Go home immediately after work. When you get home after work, immediately strip down and take a hot shower. That grubby feeling you have at the end of a shift needs to be gotten rid of right away. Get clean and in fresh clothing as soon as possible. 
Have a couple of glasses of water. Have a light snack. Use the bathroom. Take care of your immediate bodily needs. 
Then sit for ten to fifteen minutes. Some call this meditation. A former coworker and I called it SOMA, Sitting on my Ass. 
Just enjoy being still and off your feet for a bit. You can even lay on your back and put your feet up against the wall. This drains the blood back into your torso and helps your feet and legs feel better. Take a few deep breaths.
Now see how you feel. If tired, go to bed. If not.... 
Write in your daily journal.
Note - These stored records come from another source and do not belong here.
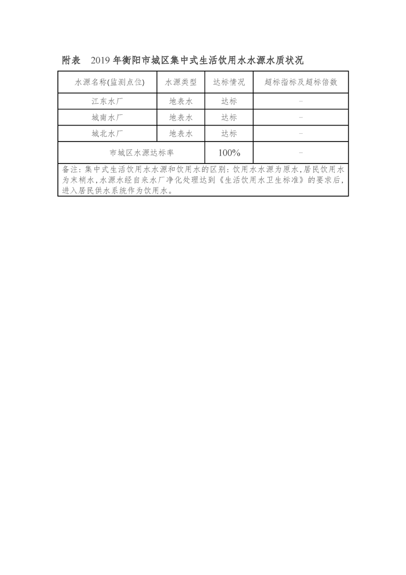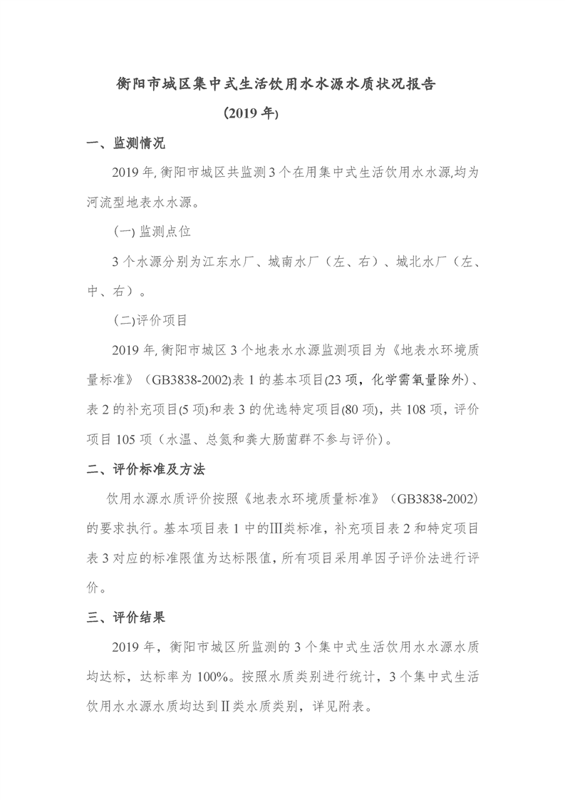 衡陽市城區(qū)集中式生活飲用水水源水質(zhì)狀況報(bào)告(2019年)
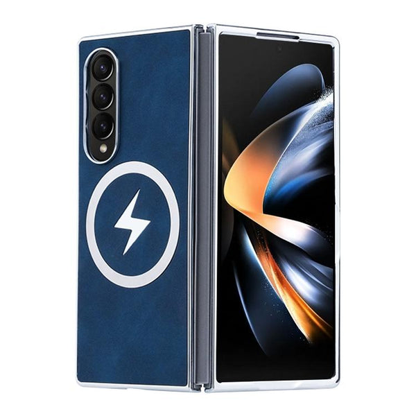 For Samsung Galaxy Z Fold4 Electroplating Lightning MagSafe Fold Full Coverage Phone Case(Blue)
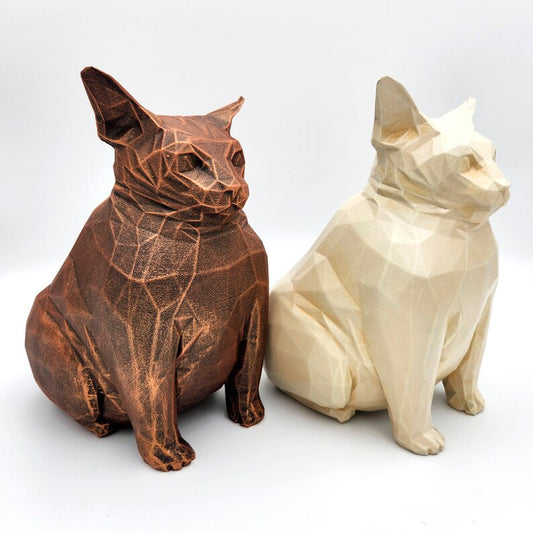 Fat Cat Low Poly Statue old bronze or mramor color handmade sculptures
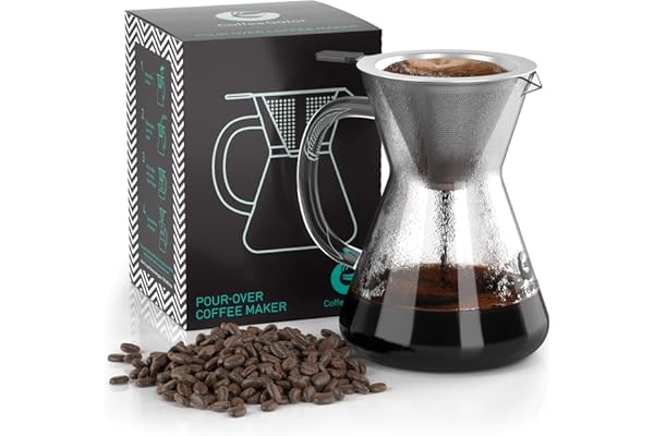 14 oz Paperless, Portable, Drip Coffee Brewer Pour Over Set w/ Glass Carafe & Stainless-Steel Mesh Filter, Clear
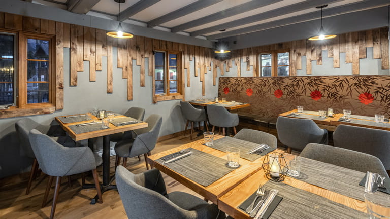 Jackalopes Bar and Grill at Tenaya Lodge. Outdoor dining takeout and delivery are also available. Most restaurants in Mammoth Lakes are open for indoor dining.
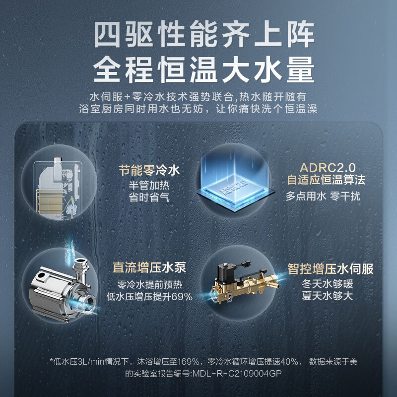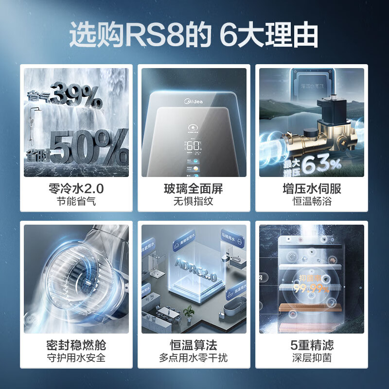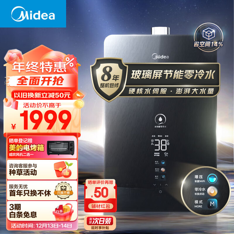 美的(Midea)16升燃气热水器 天然气 水伺服恒温 双增压零冷水 半管节能 多重防冻 多重安防 彩晶屏 JSQ30-RS8价格:1999.00元!
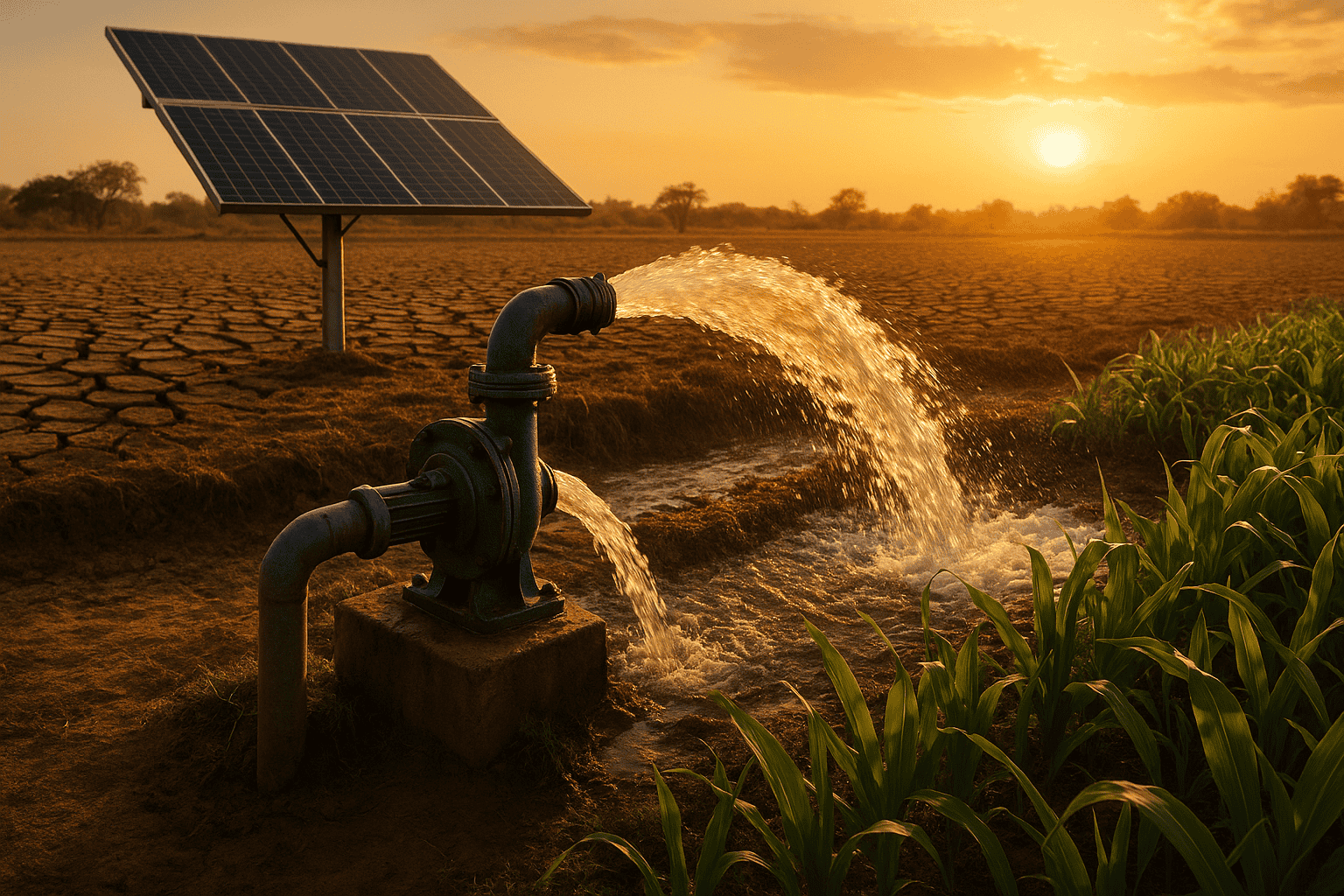 Solar water pumps use energy from the sun to move water from storage tanks, wells, or ponds to farmlands. They operate using photovoltaic (PV) panels, which convert sunlight into electricity that powers the pump motor.

Don't have one? Start one. Write about your day. 
Check the mail. Take out the garbage. Do some yoga. Lift weights. Weather permitting, take a walk or ride a bike. As you walk and/or ride, find a quiet spot like a park, a quiet road, or at home in your basement and verbally vent at the work situation that stressed you out that day. Do this out loud as if the other person/people were in the same room and you could say whatever you wanted to say at work. Get this momentary frustration out of your system. 
Find a household project that needs working on. Polish your shoes. Putter in your basement if you have one. Spend a few minutes reading. Clean the bathroom. 
If you don't have a hobby, find one. Paint, draw, learn an instrument, find something that interests you and get doing it.
Drinking is a convenient stress reliever for cooks by availability and familiarity simply because it's part and parcel of the industry we work in and we work where others take their stress out at the end of their day. That's our work environment.
But don't take it home with you. 

I'll add this just because. Expect every day at work to be a tough, demanding, obnoxious, stressful, physically painful, torturous attack on your nerves and muscles. It isn't going to be pleasant. It's going to be just the opposite. Stressful as hell. Everyone will yell at you. Physically you're about to experience a triathlon. Expect this. Every day. 
Obviously it's not like that really. But expect it. Be mentally prepared to endure a really tough day. Expect yourself to be tougher than anything you can encounter. Then, at the end of the day, you think,"I got through that. It wasn't so tough. I can take worse." And then go home and take a shower.


----------



## Iceman (Jan 4, 2011)

I don't have to deal with stress _... I cause stress._


----------



## french shot (Dec 5, 2017)

Littlebigchef said:


> So tiss the season etc
> 
> Thank you for sharing your experience. Good for you! Just by asking for guidance is half the battle. Stress is natural but how we deal with it indicative of our strengths and challenges. Naturally, when let loads of weight creep in, self-medicating is the most accessible approach, but it just gets worst. There are good bits of advice above and healthy fun attitude towards stress. With the introspection you already started, some mind uncluttering strategies and habits good for you, you will feel free. One day, you will be listening and advising others on how to deal with ridiculous stress.


----------



## whiskytango (Apr 24, 2011)

For a second i was trying to remember when i started this post! Sounds very familiar, my life was almost exactly the same. I agree with chefbubba, i just flipped the switch and stopped, and it actually made it easier working as a cook believe it or not because there are so many distractions. I also second chefwriter in changing and taking a shower, it gives a disconnect.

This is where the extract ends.